Based on fossil evidence discovered in Africa, the most widely accepted theory of human evolution says that our ancestors evolved there two million years ago, then they moved from Africa to Eurasia, and the split between modern humans and our last common ancestor occurred inside Africa, according to the most popular theory. However, is it possible that our last common ancestor actually lived on the western-most point of Eurasia, commonly referred to as Europe?

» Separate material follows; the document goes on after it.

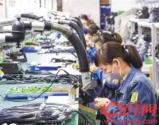 中山市三乡镇一家制造企业生产线上,工人正加紧生产 记者林翎摄
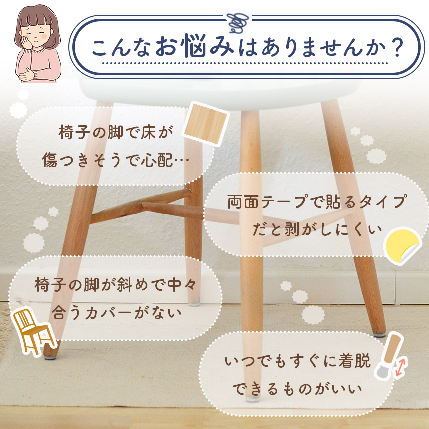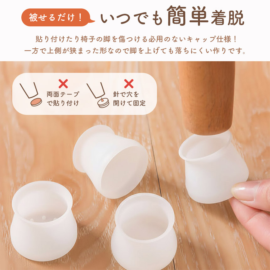 椅子やテーブルの脚に着けて床への傷を防止・動かす時の防音・滑り止めにもなるカバーです!

The majority of anthropologists studying humans continue to support the Out of Africa narrative. They simply cannot accept that any significant event in human evolution could have occurred outside of Africa. Any conflicting information appears extraordinary only if you already believe that humans were always confined to Africa, and Eurasia was never within the "zone of homonization," a concept that pertains to the process of human evolution.
Conventional wisdom holds that modern humans, Neanderthals, and Denisovans all descended from an ancient hominin known as Homo heidelbergensis. Homo heidelbergensis, on the other hand, did not appear until 700,000 years ago, after the split between modern humans and the Neanderthals and Denisovans. Unlike homo neanderthalensis and homo sapiens, the Denisovans have not been assigned a species name.
This is because of the growing recognition that this species, which is a sister species to Neanderthals is actually a meta-population of Homo sapiens. This rationale also would mean that Neanderthals are also a homo sapiens meta-population, an implication that terrifies most paleo-anthropologists.